In response to a question asking if different SIRE inspectors come to different outcomes when vetting the same vessel, Capt Price said this may indicate a lack of understanding on the part of the inspectors, but that vessel staff may also give differing responses to questions: “Different personnel may understand questions in a different way,” he said. Inspectors are offered a refresher course as part of their training to help interpret new legislation.
PSC inspections have become more integral to the overall vetting process, which in turn has increased scrutiny of SIRE reports. Capt Price added that the system currently means that as PSC inspectors become more highly trained, their reports gain more credibility.
However, SIRE’s aims are shifting Capt Price said, and VIQ7 is now more focused toward crew competence, which is, in his view, the appropriate area to focus on. He said priority should be given to training and competence of seafarers and a demonstration of operational knowledge on board; he noted paperwork should be reduced.
Capt Price said he believes that SIRE remains an important way of benchmarking safety and that physical inspections remain a key part of the safety process; he said physical inspections are indispensable.
The physical inspection element was something that was taken for granted pre Covid-19, but OCIMF has been quick to adjust to the logistical problems that now hinder physical inspections. The main provision involves remote inspections, which will relieve the backlog and reduce the burden on operators.
OCIMF managing director Rob Drysdale explained the rationale: “In some circumstances, Covid-19 is limiting the ability of an OCIMF inspector to be physically present on board a vessel to carry out an inspection. To ensure our inspection regimes continue, and without unduly exposing the inspector or the vessel’s crew to the risk of a Covid-19 infection, we are now able to offer remote inspections.”
He continued: “However, I stress that remote inspections are offered as a temporary additional resource when physical inspections are not feasible. They are not a replacement for our existing programme of physical inspections. The choice of opting for a remote inspection lies entirely with the company that is commissioning the inspection and it is up to individual programme recipient companies to decide on a case-by-case basis whether or not to accept the remote inspection. Therefore, acceptance of the remote inspection cannot be guaranteed.”
Supporting guidance issued by OCIMF on the use of remote inspections advises that virtual options should be used as an additional option to enhance data collection where physical inspections are not possible due to Covid-19.

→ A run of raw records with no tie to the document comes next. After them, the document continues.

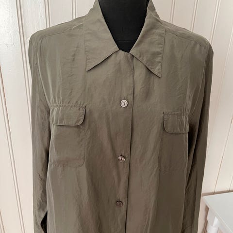 Militærgrønn skjorte med knapper og brystlommer. 100% silke.
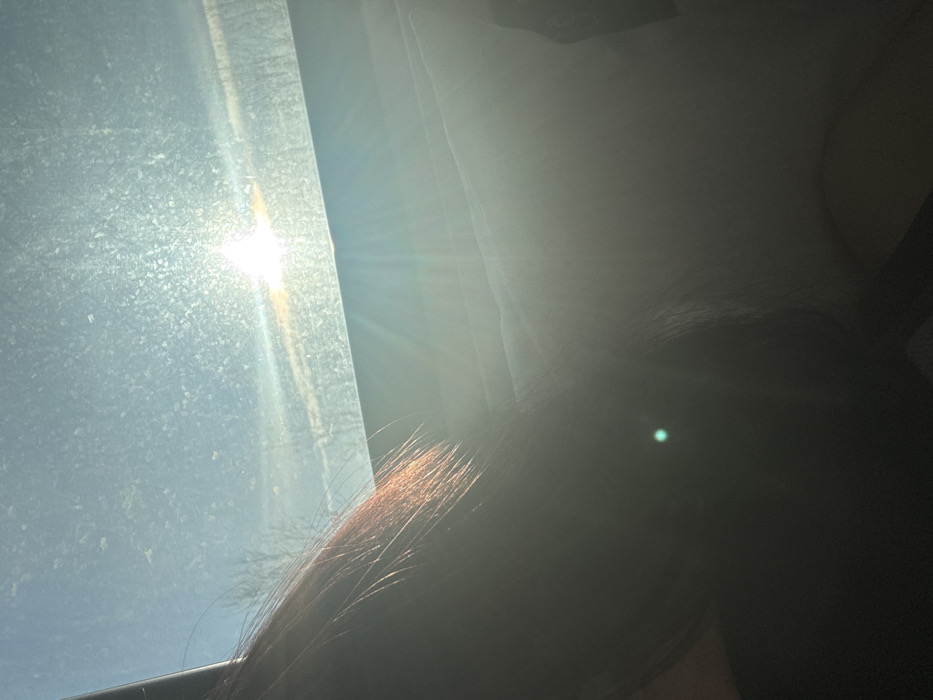 This image captures a sunlit outdoor scene from the interior of a vehicle in the city of Fetino, Russia. The upper two-thirds of the frame are dominated by a bright blue sky, partially obscured by a dirty or dusty windowpane, evident from the visible scattering of light. A brilliant sun is positioned in the upper right quadrant, emitting strong glare and radial light rays. Below the sky, the distant horizon reveals the silhouettes of bare deciduous trees. The lower third of the image is deeply shadowed by the strong backlighting, showing the dark interior of the vehicle. On the far left, a section of reddish-brown hair belonging to an individual is visible, catching the sunlight which illuminates individual strands. A distinct green, circular lens flare artifact is present in the lower-left-center of the frame. No specific actions or other individuals are discernible.
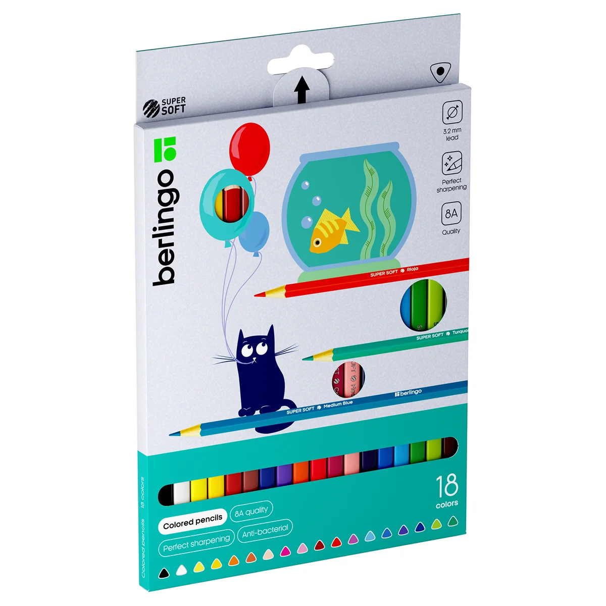 Карандаши цветные Berlingo 'SuperSoft. Жил-был кот', 18цв., трехгран., заточен., картон, европодвес
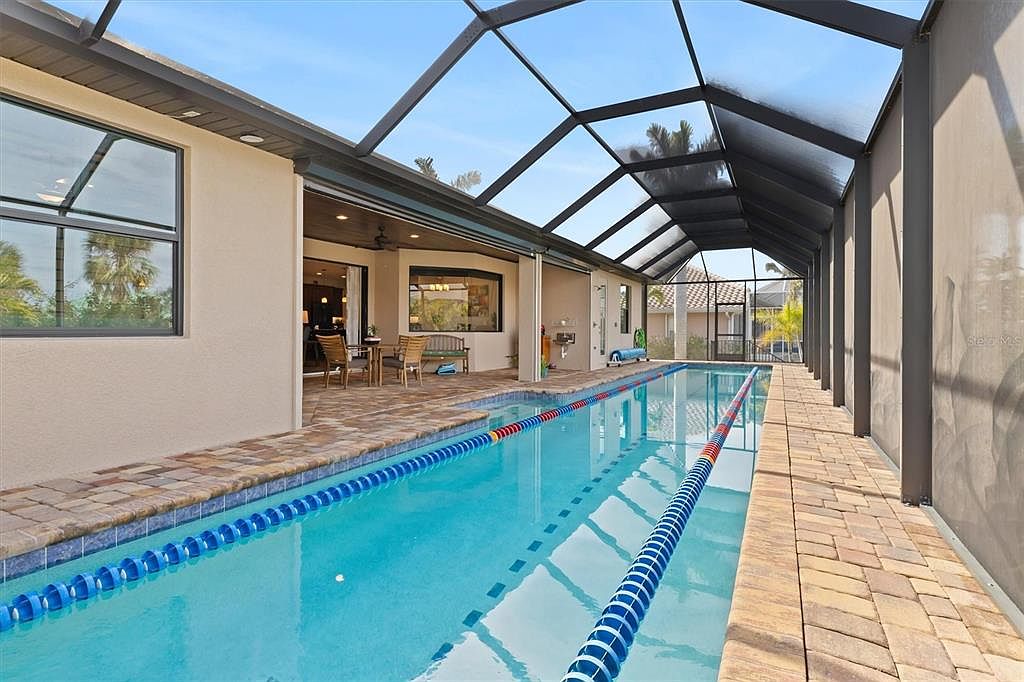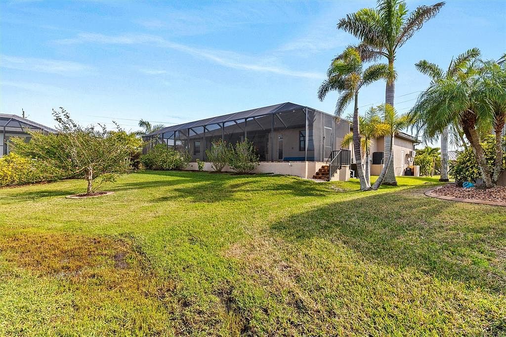 Discover the perfect blend of luxury, comfort, and Florida living in this custom-built 3-bedroom, 3-bathroom, 3-car garage pool home with an office, ideally situated in the sought-after Punta Gorda Isles community. Overlooking the 14th hole of St. Andrew’s Golf Course, this home sits on an oversized corner lot, offering breathtaking views and a peaceful ambiance. The home entrance is located off Suzi St., though it carries a Bal Harbor Blvd. address. A brick-paved, expanded 30-foot driveway leads to a 3-car garage, designed to city maximum limits with a 24-foot width through the covert and right-of-way. Lush landscaping, highlighted by numerous trees and bushes beyond the builder’s original city requirements, is beautifully enhanced with paver-surrounded garden beds finished with 1-1/2” brown and red stone. Landscape lighting in the front yard adds to the home's striking curb appeal. Inside, the thoughtfully designed layout features an expansive great room with double tray ceilings, wood-grain tile flooring, and a wall of sliders that open to the lanai, creating an effortless connection between indoor and outdoor spaces. The gourmet kitchen is a chef’s dream, complete with granite countertops, solid wood cabinetry with crown molding, a center island with prep sink and storage, high-end stainless steel appliances, and a cozy breakfast nook offering stunning golf course and backyard views through a panoramic window. A formal dining room provides the perfect space for entertaining, while the dedicated office/den offers a private retreat. The primary suite is a peaceful escape, featuring tray ceilings with crown molding, custom walk-in closets, plush carpeting, and private access to the pool area. The en-suite bath is elegantly designed with dual granite-topped vanities and a spacious Roman-style walk-in shower. Guests will appreciate two well-appointed bedrooms and two additional bathrooms, one with direct pool access. Step outside to an incredible outdoor living space featuring a 60-foot heated saltwater lap pool with custom tile and marked measurement lines for serious swimmers. A large Hayward pool heat pump ensures year-round comfort. The lanai is finished with a stunning wood ceiling and includes a convenient outdoor sink. An additional water faucet in the backyard adds ease for gardening and maintenance. The 3-car garage is designed for function and comfort, featuring an epoxy-coated floor, insulated ceiling, and a dedicated split A/C unit for climate control. A whole-house solar system helps maintain a lower energy bill. For added convenience, a 12,500-watt portable generator is connected via an outdoor outlet to the main electrical panel (available for purchase outside of sale). Located just minutes from Fishermen’s Village, historic downtown Punta Gorda, Charlotte Harbor, and the new Sunseeker Resort, this home is surrounded by top-rated restaurants, boutique shopping, and entertainment. For outdoor enthusiasts, enjoy world-class boating, fishing, sailing, and pristine Gulf beaches, all just a short drive away. Golfers will love the proximity to championship courses, making this home an ideal retreat for those seeking the ultimate Florida lifestyle.

Remote inspections will require the vessel operator to complete a detailed questionnaire and upload a series of documents and certificates to a dedicated online repository. This information will be reviewed remotely by an OCIMF inspector, who will be required to complete a further questionnaire drawing on the vessel operator’s information and by requesting further details from the vessel by telephone/video. Information supplied will include certificates, documents and photograph files.
Mr Drysdale said: “Like all our colleagues in the oil and gas and maritime industries, we must adapt to the changing coronavirus environment and introduce new ways of working that protect our people. At the same time, we must ensure we maintain the exceptionally high standards of safety and operational processes that OCIMF members rightly insist upon. We have successfully trialled the remote inspection regime and conducted a robust management of change process with good results and we are now ready to roll it out, on a temporary basis, across the OCIMF community.”
OCIMF is currently undergoing a major overhaul of its committee structures to identify and mitigate issues of the highest risk to its members and to the marine industry. While its scope of operations and remit remains the same, the volunteer organisation’s strategy places a renewed emphasis on the way it identifies, analyses and assesses the issues that have the biggest impact on safety, the natural environment and property.
Using a risks and barriers (or bowtie) methodology, a newly established risk advisory function within the OCIMF Secretariat is now responsible for identifying those risks that are most likely to impact on the activities of OCIMF members.
*Survey conducted during the Is tanker vetting fit for purpose? webinar held during Riviera Maritime Media’s Tanker Shipping & Trade Webinar Week.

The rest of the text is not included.